Masonic Awards are Still Going Strong after Nearly 90 Years

Retired Navy Capt. Jack Evans was a second-class seaman assigned to the battleship USS Tennessee when he awoke December 7, 1941, to the sounds of war as the Japanese attacked Pearl Harbor.

“Everything was on fire. There was fire everywhere,” recalled Evans, in an oral history provided to the website Witness to War. “Even the paint was burning on my ship. The flames were so hot in the stern that it melted the rivets, great big rivets.”

Evans, who received a Purple Heart after suffering shrapnel wounds in the attack, was among the representatives of Chula Vista Masonic Lodge #626, who on April 16 presented citizenship awards to sixth-grade students at nearly 45 schools in the Chula Vista Elementary School District. If Evans represents “living history,” so do the Masons.

The Masonic Awards are in their 89th year in CVESD. The awards program is the lodge’s highlight of “Public Schools Month.” The recognition was first sponsored by the Grand Lodge of Free and Accepted Masons of California in the 1920s. It is promoted every April, with the goal of encouraging the community’s support for public education.

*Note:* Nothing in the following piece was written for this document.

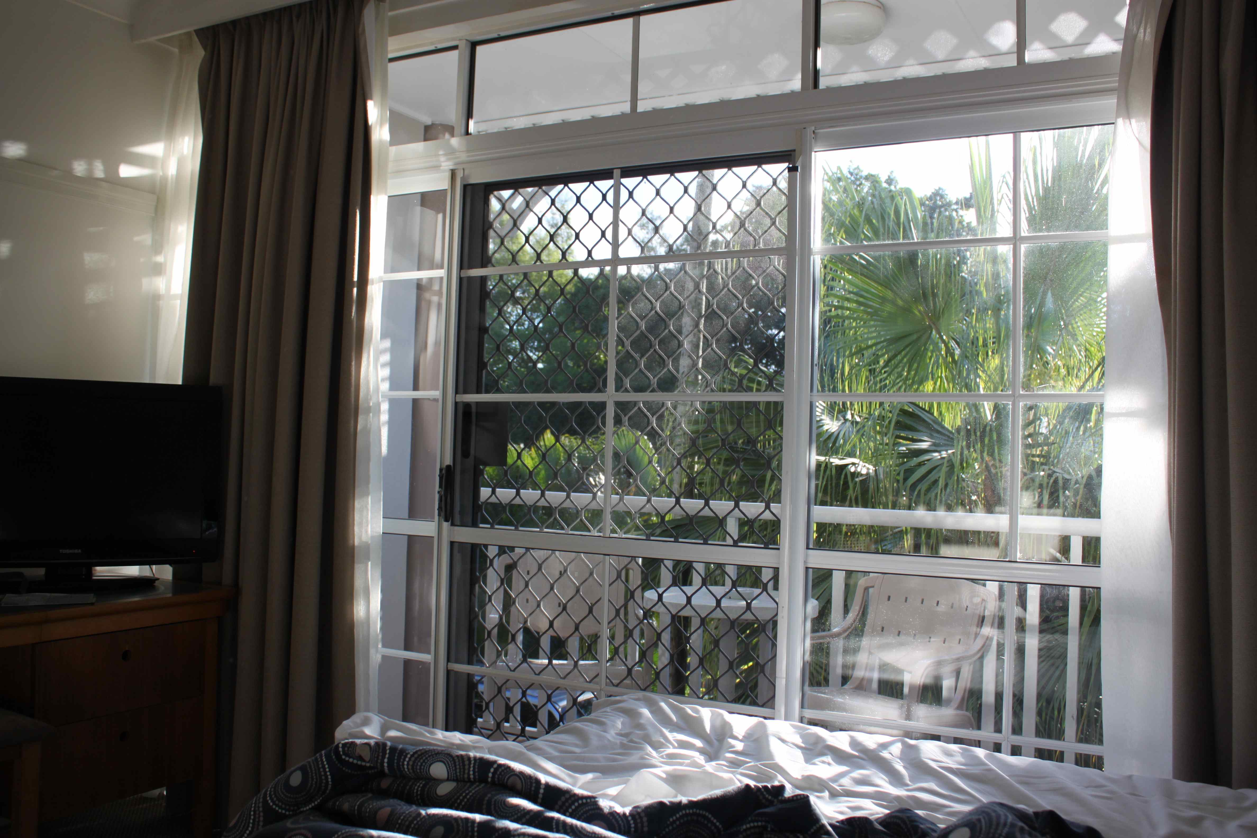 This was my view from my bed this morning – rather warmer and more tropical than New Zealand. We arrived when it was dark and I was looking forward to seeing outside in daylight.

The Chula Vista Lodge was founded in 1925, and by the following year started a tradition of honoring CVESD students for good citizenship as part of Public Schools Month. Many of the representatives this year have been a part of the awards program here for decades, recalling when there were only a handful of school in the District. They witnessed the region’s growth—and the schools’ growth as well.

“Our members who take part in this visitation look forward to being a part of an uplifting program that highlights what we as Americans try to uphold—being good citizens.  Our Lodge is very appreciative of the school district’s exemplary efforts to create a very well organized, and executed awards program,” said Terry Stewart, Secretary of the Chula Vista Lodge.

The student honorees were selected by their teachers using criteria that included behavior, participation in school activities, respect for others, or leadership within peer groups.

Many former award recipients are now in public service, including teachers at District schools that welcomed this year’s Masonic teams. Thurgood Marshall Elementary Principal Scott Woodward received a Masonic award when he was a student.

“The Masonic Awards are near and dear to my heart because I won the award in 1973,” Woodward said. “Being a good citizen means caring for your fellow classmates, your school, community and family—being an example for what is right through your actions and words.”

As part of the awards program, District representatives accompany Masonic team members to the schools. Because of the high number of District schools, 15 teams of District and Masonic representatives fan out across the District.

“Our students, staff members and parents fully understand the value of community partnership, and this awards program is a shining example of what our local schools mean to our community,” said Superintendent Francisco Escobedo, Ed.D. “The message of support for free public education is as important today as it was in the 1920s, when the Grand Lodge began this program.”